# Graph Generation Algorithms

As you might have already heard about, generative AI—especially those based on large language models like ChatGPT—are quite powerful tools that (are supposed to) serve to augment human routines and reasoning. Specifically, ChatGPT builds on the GPT (Generative Pre-trained Transformer) model that has been pre-trained on LOTS of text data to be able to generate contextually appropriate responses to user input. If you have not tried ChatGPT yet, I highly recommend giving it a go!

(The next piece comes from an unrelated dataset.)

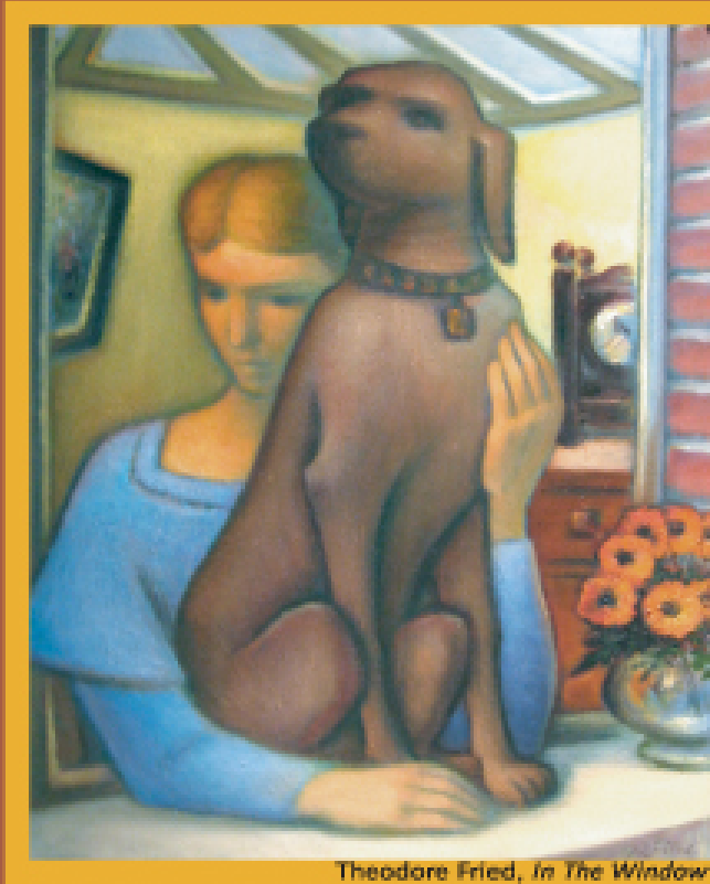
Theodore Fried, In The Window

PIVOTAL MOMENTS IN TWENTIETH CENTURY ART

Other types of generative AI technologies include the GAN (Generative Adversarial Network) and VAE (Variational Autoencoder) deep learning models. From a simple web search, you can learn more about the applications of generative technologies, ranging from creating poetry to generating realistic-looking images and video. Another important application of generative technologies is graph data, which defines our friendships on Facebook or relationships on LinkedIn. In general, graphs are a powerful abstraction for representing and analyzing complex systems, from biological systems to social networks. However, generating realistic graphs that capture certain properties of naturally-occuring networks can be challenging. A promising approach to tackle this problem is the use of stochastic Kronecker graphs.

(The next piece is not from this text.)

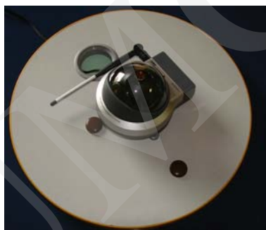
Fig. 4. The photo of the assembling board with the IP camera.

The cable driven platform has the form of the circumscribed circle about the equilateral triangle. The platform is adapted for installation of different work equipment.

Stochastic Kronecker graphs can be used to generate graphs from a starting seed and by applying Kronecker multiplication/product. The Kronecker product is a mathematical operation that combines two matrices to produce a larger matrix. By repeatedly applying this operation, we can generate a large and complex graph. For example, a starting 2×2 matrix seed could look like this $S = 1/16\cdot\begin{pmatrix}9 & 3 \\ 3 & 1 \end{pmatrix}.$

To generate a graph using the seed $S$, we can apply the Kronecker product on $S$, repeatedly, so that $S^{\otimes t}$ would define a distribution over a graph on $2^t$ vertices such the any entry $(u, v)\in S^{\otimes t}$ would define the probability of node $u$ being connected to node $v$. This process, essentially, defines the generative process of stochastic Kronecker graphs. An alternative way to look at the resulting matrix is that each element of the resulting matrix is chosen to be 1 with some probability $p$, and 0 with probability $1-p$. This probability is chosen independently for each element of the matrix.

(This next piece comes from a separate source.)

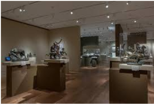
Fig. 7, Installation view, The Metropolitan Museum of Art, New York. [view image & full caption]

Once inside the main galleries, which were appropriately small in scale (fig. 7), one was introduced to the first of the four organizing themes—the American Indian. The sculptures in this section focused on their way of life often enveloped with an air of nostalgia or defeat. Hermon MacNeil, who traveled to Arizona to study the Hopi Indians first hand, captured an arresting image in his The Moqui [Hopi] Prayer of Rain or Snake Dance (fig. 8). What catches the eye is the running pose, flowing locks and the several snakes held by the Hopi priest, all of which are combined to create a remarkably fluid image. Among the most familiar of these Native American images is Fraser’s heart-breaking End of the Trail , which was a small scale replica of the monumental plaster displayed at San Francisco’s 1915 Panama-Pacific International Exposition (figs. 9, 10). Fraser grew up in the Dakota Territory and witnessed the opening up of the West to settlers, miners, ranchmen, and railroad men, all of whom impacted the lives and livelihoods of the Native Americans. For a contemporary American audience, Fraser’s image of an exhausted Native American, slumped over in his saddle fully encapsulates the despair experienced by the displaced indigenous peoples.

It is well-known that many real-world networks have degree distributions that follow a lognormal or power-law distribution. However, stochastic Kronecker graph models cannot always generate graphs with degree distributions that follow lognormal or power-law. The degree distributions seem to have significant oscillations. In a recent work, my friend/collaborator and I (paper forthcoming) analyze techniques that could get rid of oscillations in the degree distribution of generated graphs—see Figure 1 below. We believe our work could lead to a better understanding and classification of graph generation algorithms.